Industrializing the Optical Layer
To support this transition, the physical footprint of manufacturing is shifting. Applied Optoelectronics (AOI) is currently expanding its Pearland, Texas manufacturing campus, adding nearly 400,000 square feet of capacity. This expansion is specifically designed to scale the production of 800G and 1.6T optical transceivers. When a company invests in a facility of this magnitude, it indicates a projected demand that far exceeds the current niche applications of fiber optics. We are seeing the birth of a dedicated industrial complex for AI's optical nervous system.
"These facilities will be instrumental in supporting our long-term growth strategy, enabling us to expand production of advanced optical transceivers and strengthen AOI's position as a key supplier to the AI and cloud infrastructure markets."— Dr. Stefan Murry, CFO and CSO of Applied Optoelectronics
However, replacing the chip is only half the battle. The surrounding environment—the printed circuit boards (PCBs), the thermal management systems, and the mechanical housing—must also evolve. You cannot put a light-based chip on a legacy copper board and expect a linear performance gain. The entire system requires co-optimization. This is where the engineering challenge moves from the silicon level to the system level, requiring a total rethink of how a server is built from the ground up.
Cadence Design Systems is attacking this problem through agentic AI. Their new AuraStack AI Super Agent is designed to orchestrate engineering workflows that integrate electrical, thermal, and mechanical design. By using AI to design the hardware that runs AI, Cadence is attempting to solve the complexity of advanced chip packaging. The goal is continuous co-optimization, ensuring that the 1.6T optical platforms produced in Singapore and Texas aren't throttled by inefficient PCB layouts or inadequate cooling structures.

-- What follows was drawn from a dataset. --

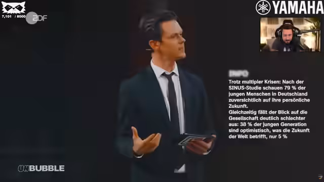 01:21:59Der Stream lenkt zu einem aktuellen, ernsten Thema über die politische Zukunft. Es geht um die Prognose, dass Deutschland im Jahr 2026 in einer schwierigen Lage sein könnte. Dies löst eine intensive Diskussion über den richtigen Umgang mit dieser Zukunftssorgen aus. Während eine Seite für realistischen Optimismus und eigenes Handhalten plädiert, vertreten andere einen Pessimismus, der als Motivation für Veränderung gesehen wird.

Does this solve the grid crisis? Not overnight, but it changes the trajectory. If the energy cost per bit of data transferred drops significantly, the massive capacity charges seen in the PJM auctions may stabilize. More importantly, it reduces the reliance on the extreme power densities that trigger FERC's 'large load' alarms. By moving the data via light, we reduce the heat, which reduces the cooling load, which ultimately lowers the total megawatts required per flop of compute.
The move toward silicon photonics is a forced hand. The alternative is a world where AI progress is capped not by algorithmic ingenuity, but by the availability of high-voltage transmission lines and the melting point of copper. The synchronization of SILITH's production in Singapore, AOI's expansion in Texas, and Cadence's system-level design tools suggests the industry has accepted that the electrical era of AI scaling is effectively over.
We are moving toward a hybrid architecture where compute happens in silicon, but communication happens in light. The winners of the next decade will not be those with the most GPUs, but those who can most efficiently move data between them. The 1.6T platform is the first real milestone in this transition, and its rapid move to mass production proves that the market is terrified of the copper wall.